Post by Starglider »

Lots of conflicting messages, as usual for NK;
Bloomberg wrote:North Korean Major General Pak Rim Su disputed the results of the international investigation into the sinking of a South Korean warship and said “any accidental clash that may break out in the waters of the West Sea of Korea or in areas along the Demilitarized Zone will lead to all-out war,” at a press conference today, according a KCNA statement.
Reuters wrote:South Korea sees no chance of the latest tension on the divided peninsula turning to outright war but is deeply concerned that the North may try terror attacks on civilians, a high ranking South Korean official said on Friday.
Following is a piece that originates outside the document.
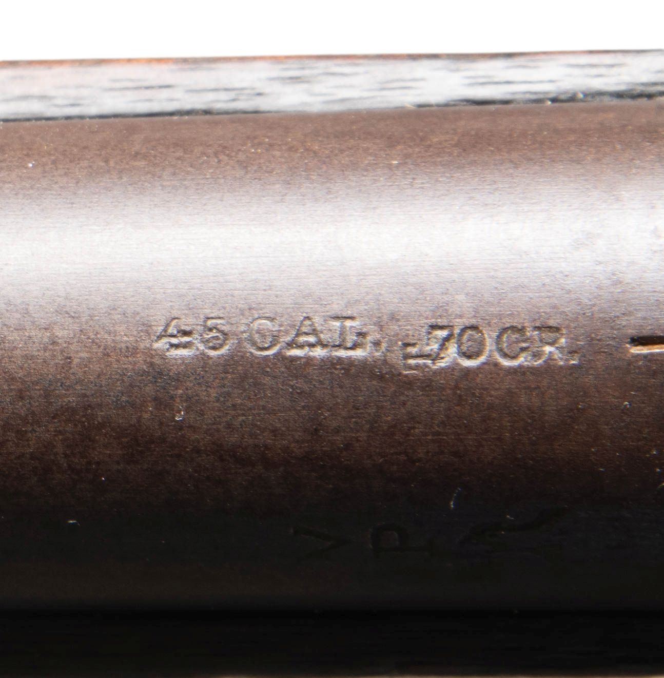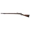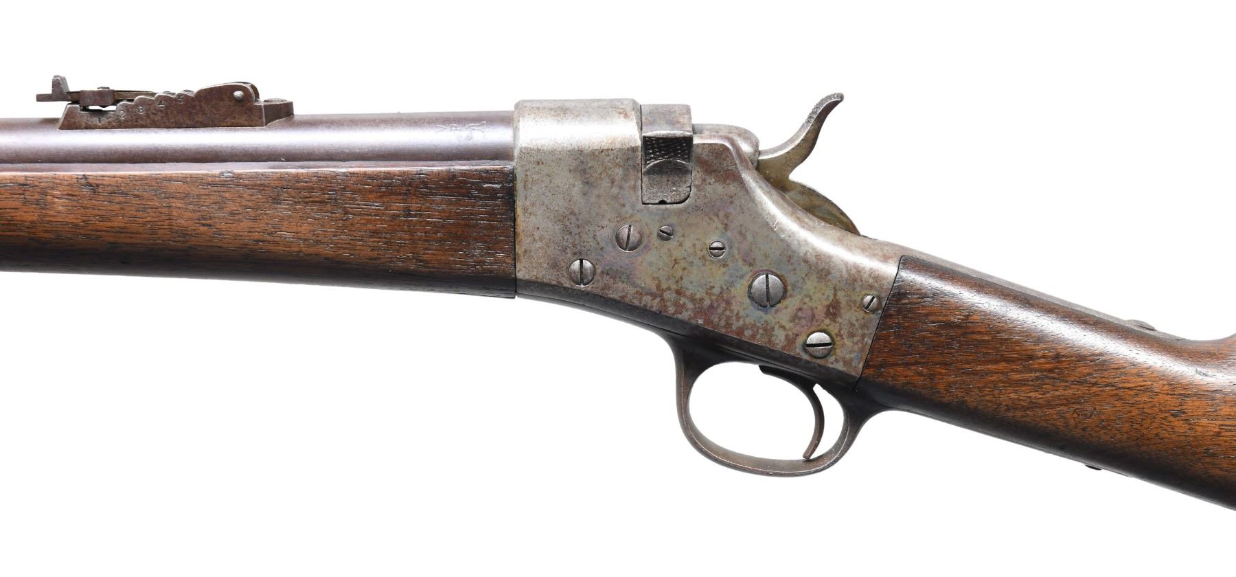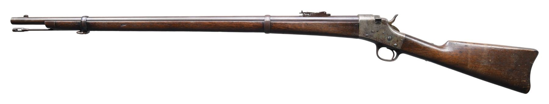 SINGLE SHOT MILITARY RIFLE. Cal. 45 CAL. 70 GR. (45-70). S# 5535. Bbl. 32 3/8" rnd. Page 631 of Flayderman's 9th edition states that while estimated production of 15,000 military rifles of total production of 25,000 in all styles, a "Great majority made under contract for Central and South American Countries; small quantities sold to State Militias." Additionally, "An American martially marked specimen with markings on barrel VP over eagle .45 caliber-70 Gr. would be considered quite rare and command a substantial premium. Rarely encountered in any variation". Bbl. marked on top "45 CAL -70 GR." and on left "V / P" over eagle proof. Fixed front sight with 500 yard graduated leaf rear sight. Breechloading action, narrow breechblock is hinged on the right side and lifts upward to load. Blue finished bbl. with case colored action. 2-band walnut forearm and straight grip stock with steel musket buttplate. Equipped with a front stacking swivel and slotted tip wiping rod. CONDITION: bbl. blue has faded to a mottled brown. Action retains traces of case colors in protected areas with the balance having a mottled gray/brown appearance showing light marks. Wood shows heavy wear with scratches, marks, and dents, having chipping around the buttplate toe. Sound action. Lightly pitted bore retains intact rifling. (01-27183/DS). ANTIQUE. $3,000-5,000.

I do wonder how much data Western intel agencies have to work with on NK. Their military comms security must be pretty awful, since so much of their gear is completely obsolete. The high level traffic is probably all heavily encrypted with imported tech though - US attempts to block export of strong encryption in the 90s failed miserably of course. As for Humint, the regieme must be extremely hard for outsiders to penetrate, but the conditions should be pretty good for recruiting natives.

Also a theory for the professionally paranoid;
This is timed to take the heat off of Iran and their nuke program. Remember NK, Iran, Pakistan, Syria, Hizbolah and Hamas are all tightly interwoven to oppose the west. They are all taking turns flaring up to divert attention from Iran long enough so Iran can get the bomb.
Anyone in a position to do informed speculation on this?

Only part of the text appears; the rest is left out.